Write out again, word for word, the lines below from the line that holds "Schicker bald 3-jähriger" through the line that holds "ドーナツ生地にオーガニックの", omitting pictures.

:: SOURCE MATERIAL

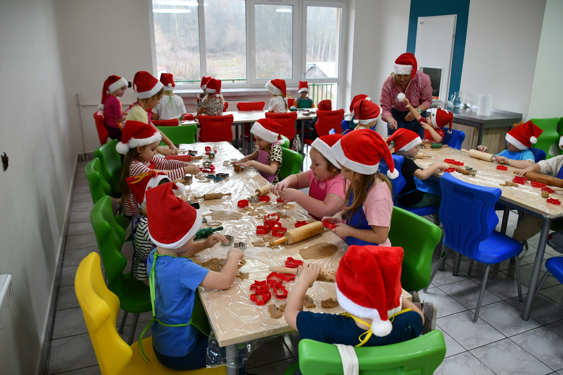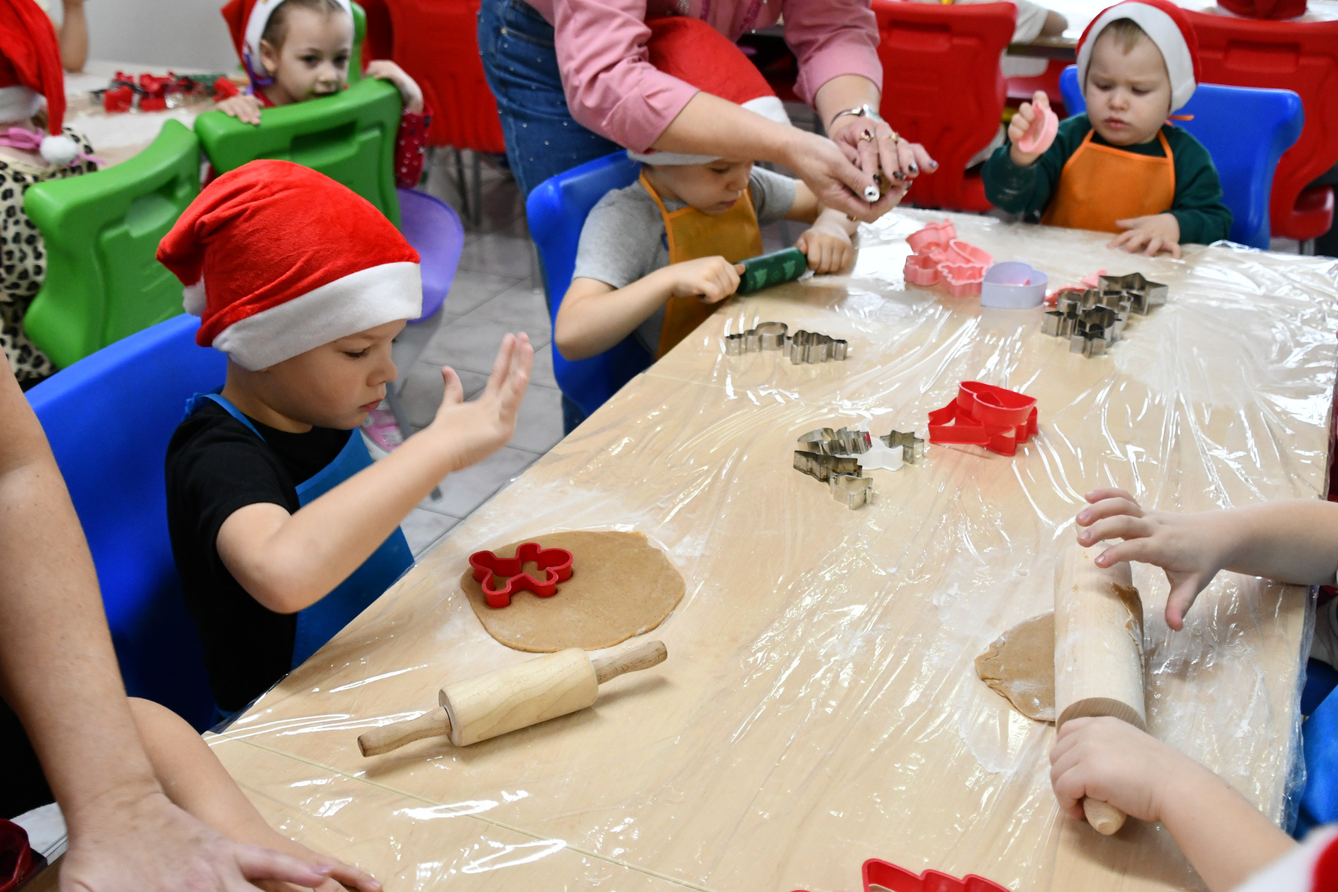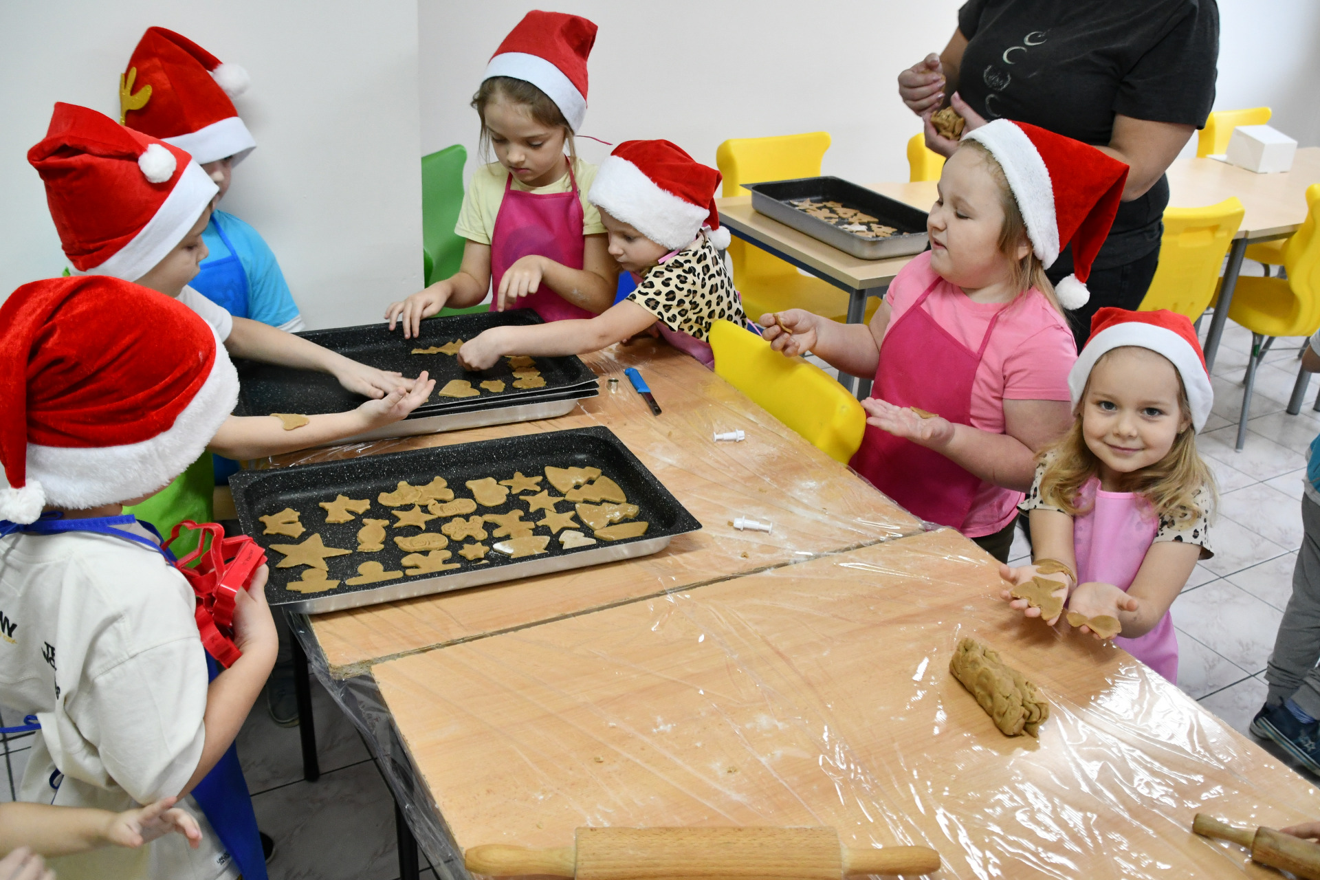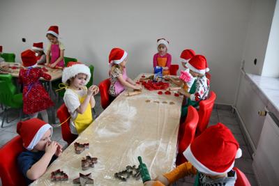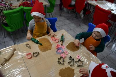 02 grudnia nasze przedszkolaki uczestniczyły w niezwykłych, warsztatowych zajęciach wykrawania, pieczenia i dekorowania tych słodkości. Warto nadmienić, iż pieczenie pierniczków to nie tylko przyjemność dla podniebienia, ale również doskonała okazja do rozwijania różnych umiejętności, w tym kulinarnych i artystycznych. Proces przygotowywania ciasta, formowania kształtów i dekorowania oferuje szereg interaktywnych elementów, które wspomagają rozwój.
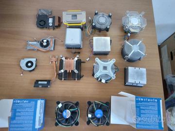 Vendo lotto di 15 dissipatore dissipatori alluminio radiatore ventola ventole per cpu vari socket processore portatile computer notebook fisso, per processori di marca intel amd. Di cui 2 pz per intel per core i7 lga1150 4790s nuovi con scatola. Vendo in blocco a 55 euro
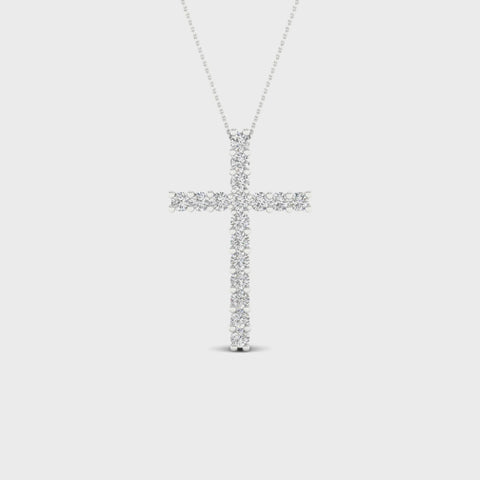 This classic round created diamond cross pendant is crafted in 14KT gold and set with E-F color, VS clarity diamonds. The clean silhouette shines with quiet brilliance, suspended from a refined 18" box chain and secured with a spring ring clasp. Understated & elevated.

::::
:: SOURCE MATERIAL

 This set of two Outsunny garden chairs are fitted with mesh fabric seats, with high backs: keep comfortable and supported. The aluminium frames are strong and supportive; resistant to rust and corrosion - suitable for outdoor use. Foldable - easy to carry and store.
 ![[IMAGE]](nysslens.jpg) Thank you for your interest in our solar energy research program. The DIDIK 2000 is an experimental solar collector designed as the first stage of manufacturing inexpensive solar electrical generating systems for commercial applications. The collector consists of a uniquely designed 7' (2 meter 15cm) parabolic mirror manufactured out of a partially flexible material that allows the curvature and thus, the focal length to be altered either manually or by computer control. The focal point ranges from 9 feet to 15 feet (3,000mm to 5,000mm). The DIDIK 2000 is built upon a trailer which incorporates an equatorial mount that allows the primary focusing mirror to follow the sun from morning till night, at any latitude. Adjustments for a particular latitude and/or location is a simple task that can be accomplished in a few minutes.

::::
:: SOURCE MATERIAL

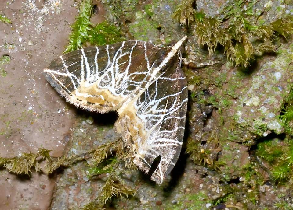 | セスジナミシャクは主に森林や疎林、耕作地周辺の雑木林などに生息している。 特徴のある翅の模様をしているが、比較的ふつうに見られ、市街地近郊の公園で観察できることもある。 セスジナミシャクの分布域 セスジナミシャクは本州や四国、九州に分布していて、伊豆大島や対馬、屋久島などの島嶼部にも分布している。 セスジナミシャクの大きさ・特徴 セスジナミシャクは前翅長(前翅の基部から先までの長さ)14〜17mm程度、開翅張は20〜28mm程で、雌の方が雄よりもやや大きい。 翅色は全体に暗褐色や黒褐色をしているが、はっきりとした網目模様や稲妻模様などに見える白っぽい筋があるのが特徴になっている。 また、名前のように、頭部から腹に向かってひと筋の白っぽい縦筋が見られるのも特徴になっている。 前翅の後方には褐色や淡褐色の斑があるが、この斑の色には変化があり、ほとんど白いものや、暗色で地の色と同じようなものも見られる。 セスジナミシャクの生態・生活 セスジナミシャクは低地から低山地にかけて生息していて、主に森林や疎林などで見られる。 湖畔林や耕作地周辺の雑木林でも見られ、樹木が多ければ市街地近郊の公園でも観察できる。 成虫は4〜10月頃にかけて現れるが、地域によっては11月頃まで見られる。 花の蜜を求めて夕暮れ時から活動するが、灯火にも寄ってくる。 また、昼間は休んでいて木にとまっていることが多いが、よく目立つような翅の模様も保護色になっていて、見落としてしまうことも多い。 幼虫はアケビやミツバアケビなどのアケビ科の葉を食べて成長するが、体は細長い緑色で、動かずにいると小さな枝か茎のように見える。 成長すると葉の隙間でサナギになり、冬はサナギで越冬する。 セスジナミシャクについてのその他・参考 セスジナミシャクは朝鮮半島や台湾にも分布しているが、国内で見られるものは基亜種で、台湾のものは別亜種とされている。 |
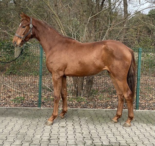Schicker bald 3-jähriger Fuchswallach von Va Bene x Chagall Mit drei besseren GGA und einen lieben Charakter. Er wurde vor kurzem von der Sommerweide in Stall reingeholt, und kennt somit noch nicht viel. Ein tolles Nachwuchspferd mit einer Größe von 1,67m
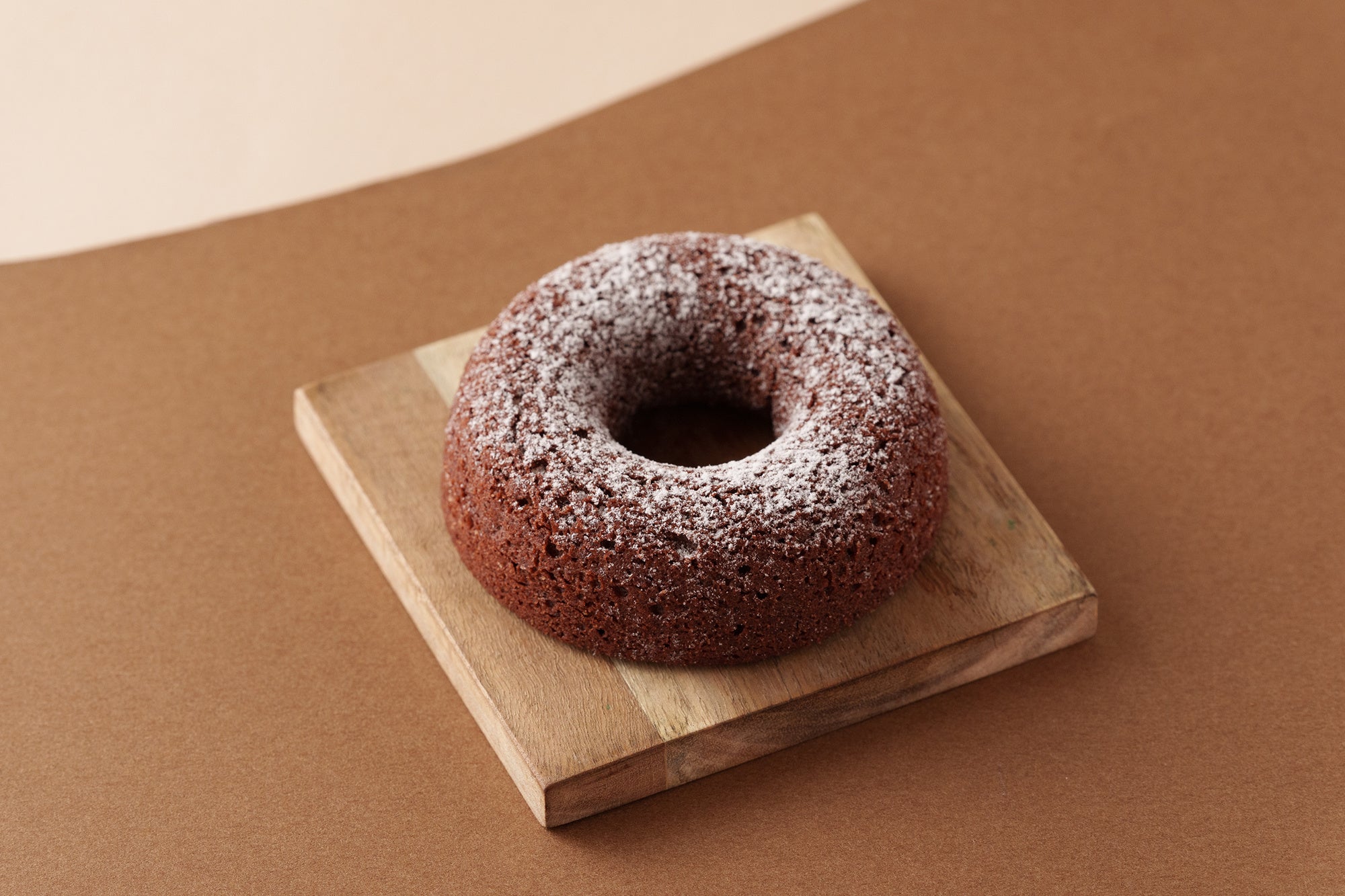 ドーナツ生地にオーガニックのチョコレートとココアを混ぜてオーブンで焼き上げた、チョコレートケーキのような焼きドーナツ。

::::

-- SOLUTION FOR THIS PROBLEM --
Schicker bald 3-jähriger Fuchswallach von Va Bene x Chagall Mit drei besseren GGA und einen lieben Charakter. Er wurde vor kurzem von der Sommerweide in Stall reingeholt, und kennt somit noch nicht viel. Ein tolles Nachwuchspferd mit einer Größe von 1,67m
 ドーナツ生地にオーガニックのチョコレートとココアを混ぜてオーブンで焼き上げた、チョコレートケーキのような焼きドーナツ。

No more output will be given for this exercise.